### What is needed
With pictures left out, output exactly the lines of the listing below from the line that has "上面代码输出的结果恰恰与我们" to the line that has "RASOOL PURA | |||", both lines kept.

### Provided records
============================================================
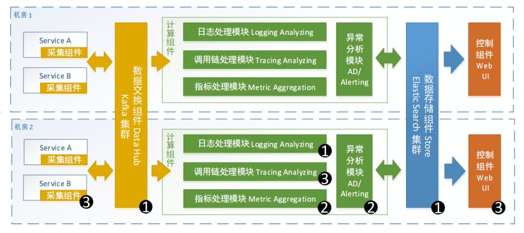 最后整个架构是演化而来的。2015 年的时候我们只做到了 Version 1.0 当中的组件 (编码为 1 的组件)。 在后续几年的演化中逐步形成了现在的架构,系统也由一个 ELK 型的日志系统演化为了一个完善的 APM 系统。
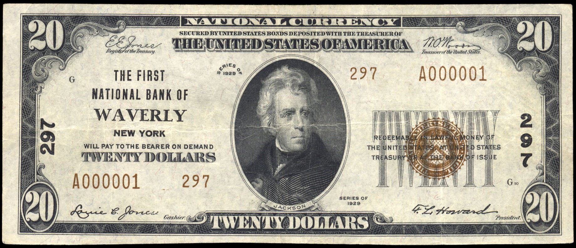 1929 Type 2 $20 Waverly, NY Ch297 Louie C. Jones, Cashier and F.L. Howard, President
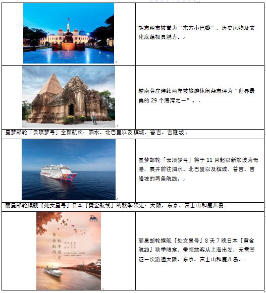 云顶邮轮集团旗下另一品牌丽星邮轮将携旗舰「处女星号」亦于旅博会现场亮相,喜欢日本的广东旅客可重点关注由上海出发的8天7晚独家“黄金航线-秋季限定”航次,到访大阪、东京、富士山、鹿儿岛四地,一条航线网罗日本最热旅游目的地,尽情感受日本秋季的诗情画意。
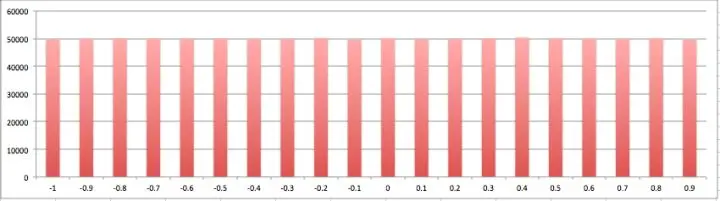 上面代码输出的结果恰恰与我们预期结果相吻合,即:double类型的伪随机数是均匀的分配的,而double类型的高斯伪随机数应该是正态分布的。
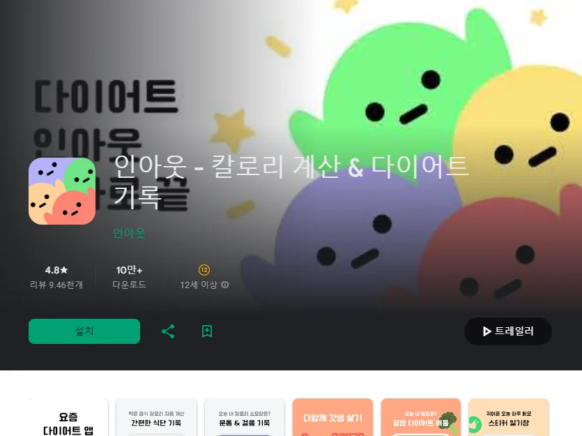 이 어플은 구글플레이스토어에서 "식단관리"로 검색했을때 1번째로 나오는 어플입니다. 아래는 인아웃 - 칼로리 계산 & 다이어트 기록 어플에 대한 자세한 설명이니 참고하세요.
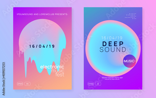 Summer music set. Electronic sound. Night dance lifestyle holiday. Cool trance club banner layout. Fluid holographic gradient shape and line. Fest poster and flyer for summer music.
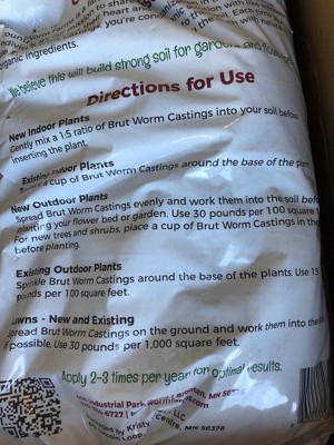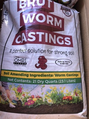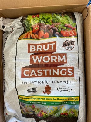 Brut Worm Farms All Natural Organic Worm Castings Fertilizer Soil Builder Potting Mix for Indoor & Outdoor Plants, Lawn, & Garden, 30 LB Bag (8 Pack)
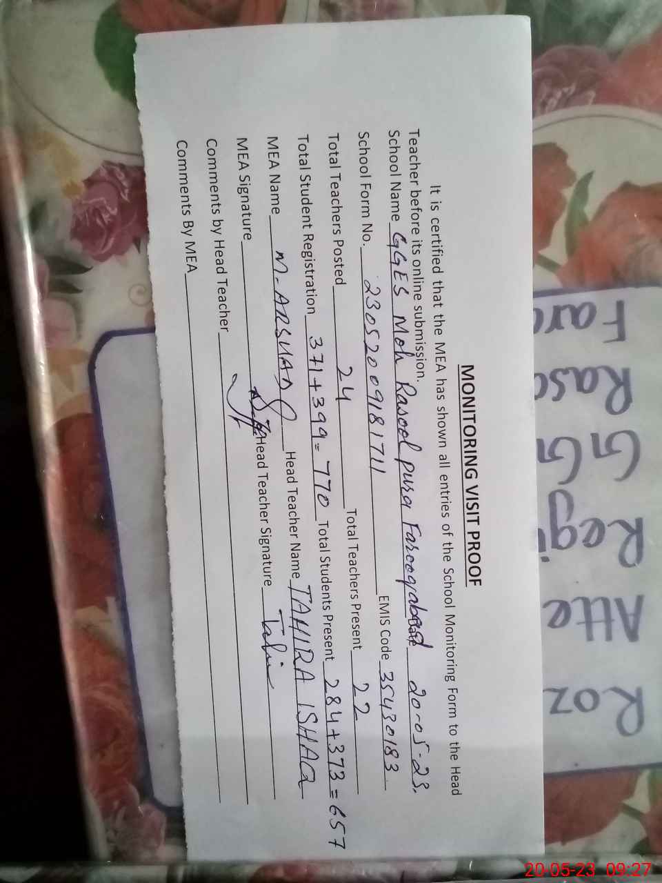 | EMIS Code: 35430183 | Name of School: GGES MOHALLAH RASOOL PURA | |||
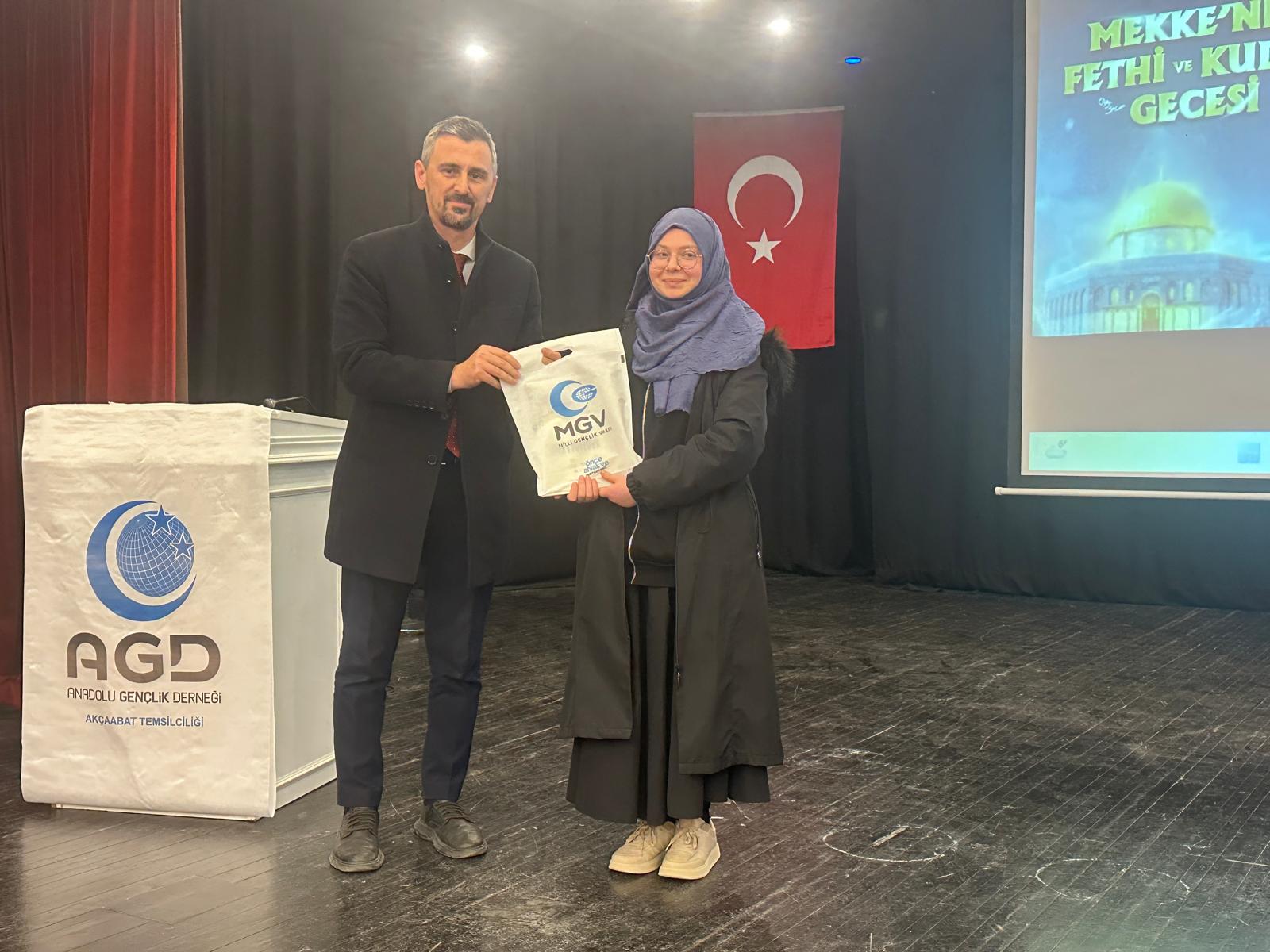 Mekke’nin Fethiile ilgili sinevizyon, şiir dinletileri, ilahi korosu, AGD ortaokul komisyonu öğrencilerininoratoryo gösterisi de misafirler tarafından ilgiyle takip edildi. Konuşmacı olarak programdayer alan Recep Tayyib Erdoğan Üniversitesi öğretim görevlisi Âdem Sadoğlu fethin İslamtarihi ve günümüz açısından önemine değinen bir konuşma yaptı. Program sonunda siyer-inebi yarışmasında dereceye girenlere ödülleri verildi.
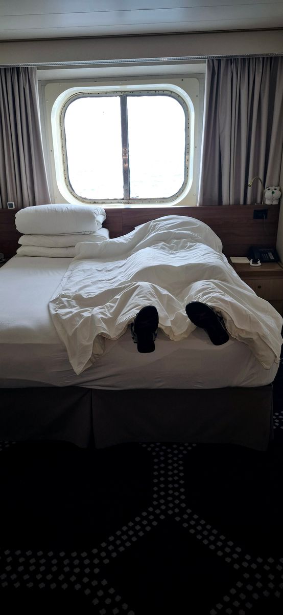 Wir schlafen bis 9 Uhr, anscheinend macht auch vielen anderen Passagieren die Zeitumstellung zu schaffen, denn im Bistro und Restaurant sind immer noch sehr viele Leute. In der Kabine hat es über Nacht auf 20° abgekühlt. Heute ist „verrückter Tag“. Viele Kellner und auch einige Gäste sind irgendwie verkleidet. Der Kreuzfahrtdirekt macht Durchsagen wie in einem ÖBB Zug, täuschend echt mit dem Wiener Dialekt (er ist Wiener). Die Außentemperatur ist 27° bewölkt, ein idealer Tag um außen die Liegen zu benützen. Beim betreten der Kabine waren wir erschrocken, der Kabinen Stewart hat das Bettzeug so arrangiert, dass es aussah als wenn jemand in unserem Bett liegt🙂.
============================================================
### The answer
 上面代码输出的结果恰恰与我们预期结果相吻合,即:double类型的伪随机数是均匀的分配的,而double类型的高斯伪随机数应该是正态分布的。
 이 어플은 구글플레이스토어에서 "식단관리"로 검색했을때 1번째로 나오는 어플입니다. 아래는 인아웃 - 칼로리 계산 & 다이어트 기록 어플에 대한 자세한 설명이니 참고하세요.
 Summer music set. Electronic sound. Night dance lifestyle holiday. Cool trance club banner layout. Fluid holographic gradient shape and line. Fest poster and flyer for summer music.
 Brut Worm Farms All Natural Organic Worm Castings Fertilizer Soil Builder Potting Mix for Indoor & Outdoor Plants, Lawn, & Garden, 30 LB Bag (8 Pack)
 | EMIS Code: 35430183 | Name of School: GGES MOHALLAH RASOOL PURA | |||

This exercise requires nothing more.